Declaring Mapped Types in Oxygene

In Oxygene, the mapped keyword is used in both the type declaration and the individual mapped members. In the type declaration, the phrase mapped to will indicate the underlying "real" class that is being mapped:

type
  List<T> = public class mapped to ArrayList<T> ...;

Individual members can either be mapped via a shorthand syntax, right inside the type declaration, or they can provide a regular method or property body and within there use the mapped keyword to refer to members of the underlying original type.

The inline shortcut syntax looks like the following snippet, which simply instructs the compiler to map any call to RemoveAt to the remove method on the real class:

method RemoveAt(index: Integer); mapped to remove(index);

An example for a regular method body that uses the mapped keyword to call into the real class might look like this:

method List<T>.Remove(item: T);
begin
  var n := mapped.IndexOf(item);
  if n >= 0 then mapped.Remove(n);
end;

Declaring Mapped Types in C#, Swift, Java and Mercury

In C#, Swift and Java the __mapped class modifier can be used in the type header to indicate that a class definition is mapped, alongside the => operator to indicate the concrete class that is being mapped to. Mercury uses the MappedTo keyword, instead.
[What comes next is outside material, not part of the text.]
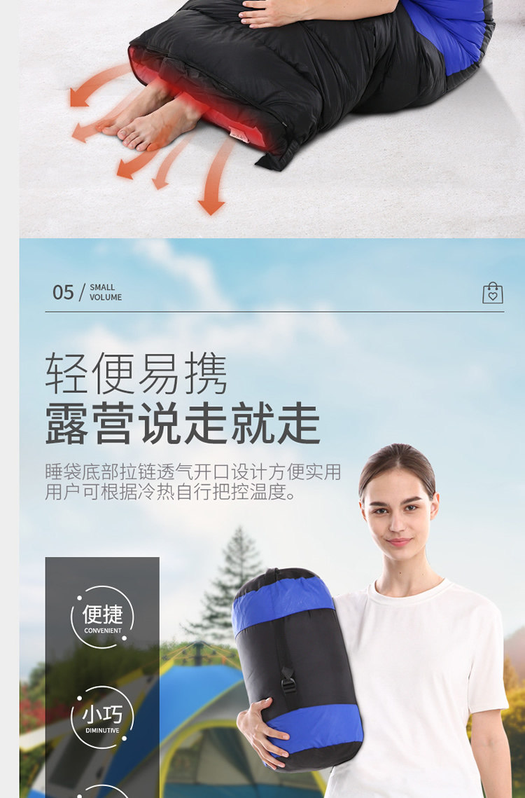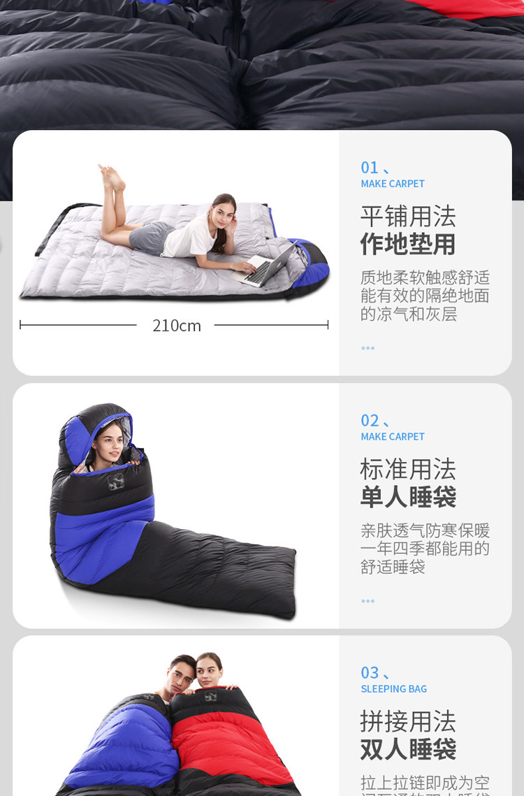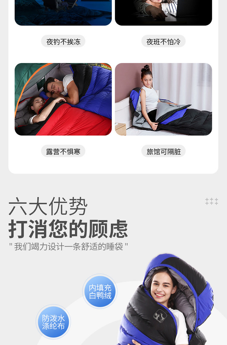 Зимний дорожный хлопковый спальный мешок для взрослых для путешествий для кемпинга с пухом, увеличенная толщина

Similar to Oxygene above, the __mapped keyword can also be used inside the member bodies to refer to members of the real type, for C#, Swift and Java. in Mercury, the MyMapped keyword serves that role.
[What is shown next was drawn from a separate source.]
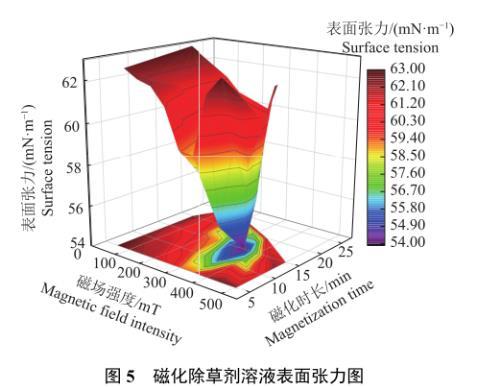 为了直观地分析磁场强度和磁化时长2个因素共同作用对除草剂溶液表面张力的影响规律,建立以磁场强度和磁化时长为自变量、以溶液表面张力为因变量的二元函数,使用OriginPro 2018绘制磁场强度和磁化时长对表面张力影响规律的空间曲面分布图(图5)。由图5可以看出,磁场强度和磁化时长对溶液表面张力影响规律的空间曲面分布图呈峰值为负值的高斯空间分布规律,即空心圆锥面分布,这说明并不是磁场强度越大或者磁化时间越长,除草剂溶液的表面张力就越小,而是存在处理效果最佳的磁场强度和磁化时长。磁化除草剂溶液表面张力试验结果见表2。当磁场强度为350 mT、磁化时长为15.0 min时,除草剂溶液表面张力值最小,为54.0 mN/m,下降14.96%,磁化效果最佳。

public __mapped class MyList<T> => List<T>
{
  public void Remove(T o)
  {
    var n = __mapped.IndexOf(o);
    if (n >= 0) 
      __mapped.Remove(n);
  }
}

public __mapped class MyList<T> => List<T> {
  func Remove(o: T) {
    let n = __mapped.IndexOf(o)
    if n >= 0 {
      __mapped.Remove(n)
    }
  }
}

public __mapped class MyList<T> => List<T>
{
  public void Remove(T o)
  {
    var n = __mapped.IndexOf(o);
    if (n >= 0) 
      __mapped.Remove(n);
  }
}

Public Class MyList<T> 
  MappedTo List<T>
  
  Function Remove(o As T)
    Dim n = MyMapped.IndexOf(o)
    if n >= 0 Then
      MyMapped.Remove(n)
    End If
  End Function

End Class

Note that unlike Oxygene, no shorthand syntax for mapping is provided, both because the inline nature of the C#, Swift and Mercury class structure makes that less necessary, and to keep changes/extensions to the C# standard and Swift syntax at a minimum.

Full Example

The code below shows a full example for the definition of a mapped class. More examples can be found by perusing the available Elements RTL source code.

namespace System.Collections;

interface

uses
  java.util;

type
  List<T> = public class mapped to ArrayList<T>
  public
  
    method Add(o: T); mapped to add(o);
    method RemoveAt(i: Integer); mapped to remove(i);
    
    method Remove(o: T);
    begin
      var n := mapped.IndexOf(o);
      if n >= 0 then mapped.Remove(n);
    end;
    
    property Length: Integer read mapped.size;
    property Item[i: Integer]: T read mapped[i] write mapped[i]; default;
  end;

method List<T>.Remove(o: T);

namespace System.Collections
{
    using java.util;

    public __mapped class List<T> => ArrayList<T>
    {
        public void Add(T o) { __mapped.add(o); }
        public void RemoveAt(int i) { __mapped.remove(i); }
        public void Remove(T o)
        {
            var n = __mapped.IndexOf(o);
            if (n >= 0) 
                __mapped.Remove(n);
        }
        public int Length 
        {
            get
            {
                return __mapped.size;
            }
        }
        public T this(int i) 
        { 
            get 
            { 
                return __mapped[i]; 
            } 
            set
            { 
                __mapped[i] = value;
            }
        }
    }
}

import java.util

public __mapped class List<T> => ArrayList<T> {
    public func Add(o: T) {
       __mapped.add(o)
    }
    public func RemoveAt(i: Int) {
      __mapped.remove(i)
    }
    public void Remove(T o) {
        et n = __mapped.IndexOf(o)
        if (n >= 0) {
            __mapped.Remove(n)
        }
    }
    public var Length: Int {
        eturn __mapped.size
    }
    public subscript(i: Int) -> T {
        get {
            return __mapped[i]
        }
        set {
            __mapped[i] = newValue
        }
    }
}

package System.Collections;

import java.util.*;

public __mapped class List<T> => ArrayList<T>
{
    public void Add(T o) { __mapped.add(o); }
    public void RemoveAt(int i) { __mapped.remove(i); }
    public void Remove(T o)
    {
        var n = __mapped.IndexOf(o);
        if (n >= 0) 
            __mapped.Remove(n);
    }
    public int Length { get { return __mapped.size } }
    public T this(int i) { get { return __mapped[i]; } set { __mapped[i] = value; } }
}

Imports java.util

Public Cass List<T> 
  MappedTo ArrayList<T>
  
  Public Funcion Add(o As T)
     MyMapped.add(o) 
  End Function
  
  Public Funcion RemoveAt(i: Int) {
    MyMapped.remove(i)
  End Function

  Public Sub Remove(T o) {
    Dim n = MyMapped.IndexOf(o)
    If n >= 0 Then
      MyMapped.Remove(n)
    End If
  End Sub
  
  Public Property Length: Int {
    return MyMapped.size
  End Property
  
  Public Property(i: Int) -> T {
    Get
      Return MyMapped[i]
    End Get
    Set
      MyMapped[i] = Value
    End Set
  End Property

End Class